Carbon Storage in an Artificial Soil

Abstract

As we strive to find new technologies to dispose of our municipal solid waste, compost-like outputs (CLOs) are becoming more widely created. As a product of both aerobic and anaerobic digestion, they provide a potentially important carbon store and some have proven to enhance existing carbon stores when added to brownfield sites and agricultural land. However, the CO2 flux from this artificial soil is relatively high when compared to natural soils. The aerobic digestion process under which it is produced lasts only 9 days, producing a material which is still comparatively unstable and yet to mature. The CLO is laid in windrows where it is hoped that it will stabilise and mature; if the humification process at this stage can be optimised, would an even greater carbon store be achieved?
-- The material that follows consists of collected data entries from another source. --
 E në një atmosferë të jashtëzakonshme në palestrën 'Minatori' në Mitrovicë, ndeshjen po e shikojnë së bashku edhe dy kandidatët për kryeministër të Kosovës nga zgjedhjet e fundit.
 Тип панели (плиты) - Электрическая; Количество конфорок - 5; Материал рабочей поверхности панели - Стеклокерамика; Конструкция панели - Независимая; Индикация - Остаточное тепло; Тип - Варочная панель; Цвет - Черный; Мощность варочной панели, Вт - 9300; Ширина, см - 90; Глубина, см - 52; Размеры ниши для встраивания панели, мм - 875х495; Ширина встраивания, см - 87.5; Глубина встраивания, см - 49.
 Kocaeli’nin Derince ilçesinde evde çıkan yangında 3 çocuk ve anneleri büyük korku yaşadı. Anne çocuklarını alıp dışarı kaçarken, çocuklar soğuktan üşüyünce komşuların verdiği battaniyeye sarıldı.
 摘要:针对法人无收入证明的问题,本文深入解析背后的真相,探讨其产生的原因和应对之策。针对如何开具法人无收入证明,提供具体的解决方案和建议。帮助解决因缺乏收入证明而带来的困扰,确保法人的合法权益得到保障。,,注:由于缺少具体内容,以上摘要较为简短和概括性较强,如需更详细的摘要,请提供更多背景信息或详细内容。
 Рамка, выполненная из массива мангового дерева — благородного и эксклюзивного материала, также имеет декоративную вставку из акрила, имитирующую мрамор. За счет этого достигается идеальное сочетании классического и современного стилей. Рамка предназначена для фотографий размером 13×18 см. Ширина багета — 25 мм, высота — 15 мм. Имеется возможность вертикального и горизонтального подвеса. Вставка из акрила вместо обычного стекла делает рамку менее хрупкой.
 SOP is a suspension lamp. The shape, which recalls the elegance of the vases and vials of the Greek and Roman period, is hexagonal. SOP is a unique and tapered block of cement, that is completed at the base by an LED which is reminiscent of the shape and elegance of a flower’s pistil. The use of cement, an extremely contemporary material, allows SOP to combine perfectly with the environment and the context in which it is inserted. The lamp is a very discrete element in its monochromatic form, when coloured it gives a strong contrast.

This thesis seeks to answer this question, through the research into humification in both natural and artificial systems; through the measurement of CO2 flux to assess the stability of CLO over time; using adapted methodologies to gauge the maturity of this artificial soil by analysing the amount of humic acids present; by adding proposed catalysts to the material in fully factorial lysimeter studies; and by examining the affects of different physical environmental conditions under which CLO product humifies.
The results of a series of experimental trials, undertaken over a three year period, are presented. Manganese-coated sand and char, both currently ‘waste’ products were both used as potential catalysts for the humification process of CLO. Temporal trends were seen in most samples using infra-red gas analysis, an alkali extraction technique, UV photospectrometry, fluorescence and a novel pseudo-thermogravimetric analysis. The waterlogging of the samples appeared to have an effect on the humification process and a great deal of concurrent data was seen upon the addition of Mn-coated sand and char to the CLO. Both appeared to have a stabilising effect on the CLO, reducing flux rate and increasing humification as compared to a control.
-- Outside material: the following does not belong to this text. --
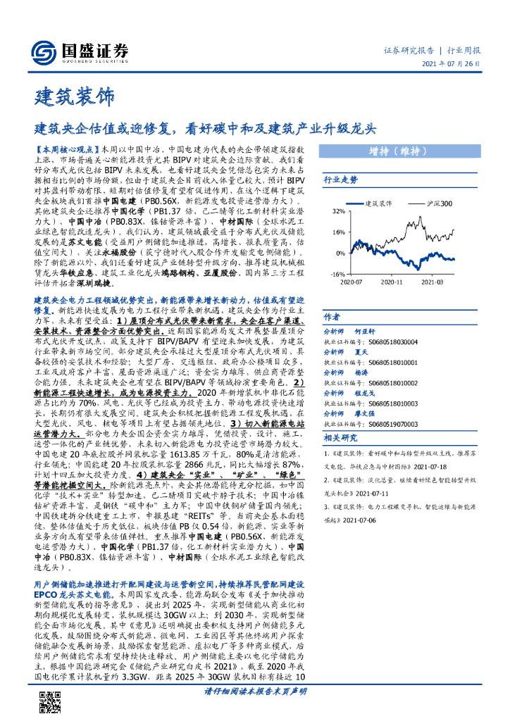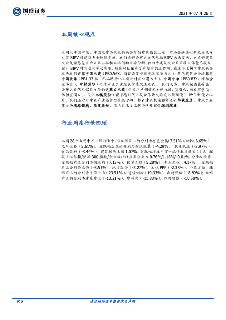 国盛证券:建筑装饰行业周报:建筑央企估值或迎修复,看好碳中和及建筑产业升级龙头.pdf
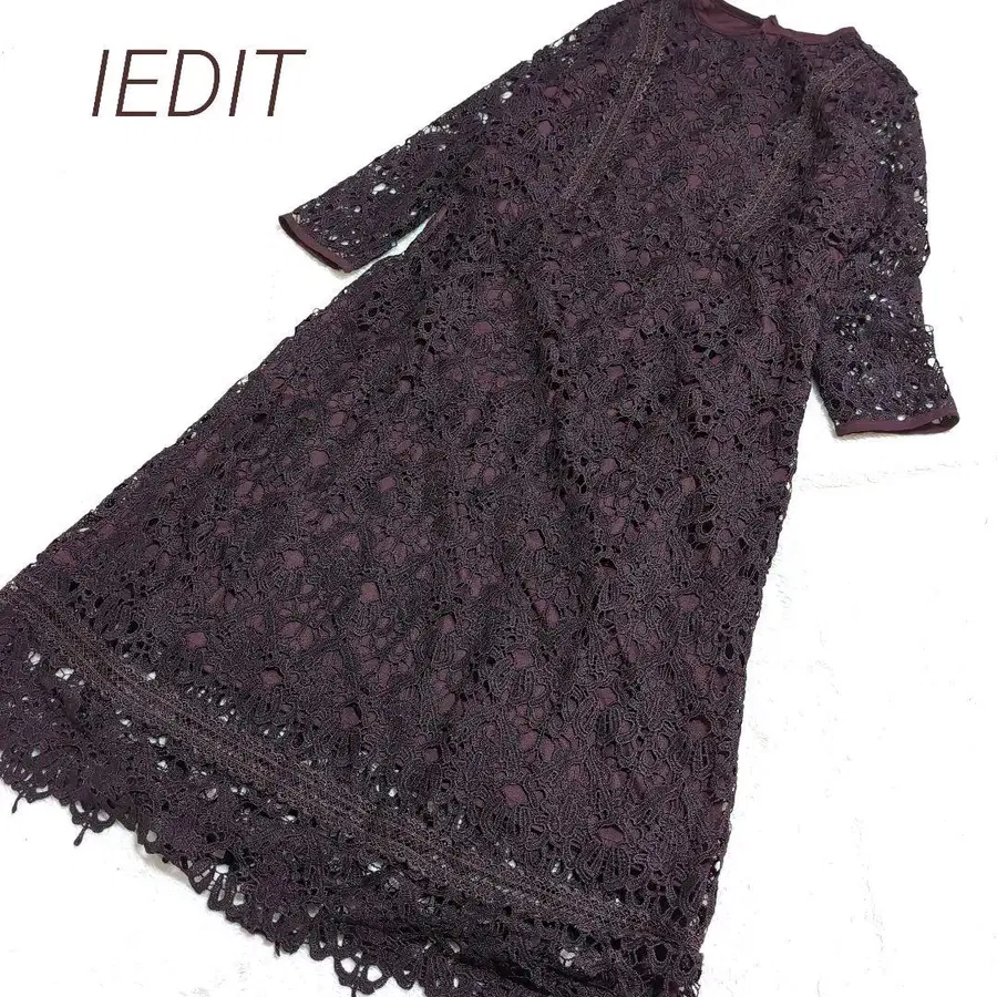 IEDIT 펠리시모 전체 레이스 긴팔 원피스 포멀 보르도 LL

An overriding theme present throughout this thesis is the heterogeneous and contaminated nature of the non-source-segregated CLO tested. It is therefore recommended that similar studies be undertaken on a purer, more homogenous CLO in order to assess whether promising results seen could be elucidated in order to gauge the efficacy of biochar and Mn in encouraging the production of humic substances. A field trial would allow the unified soil system to be considered, rather than the CLO alone.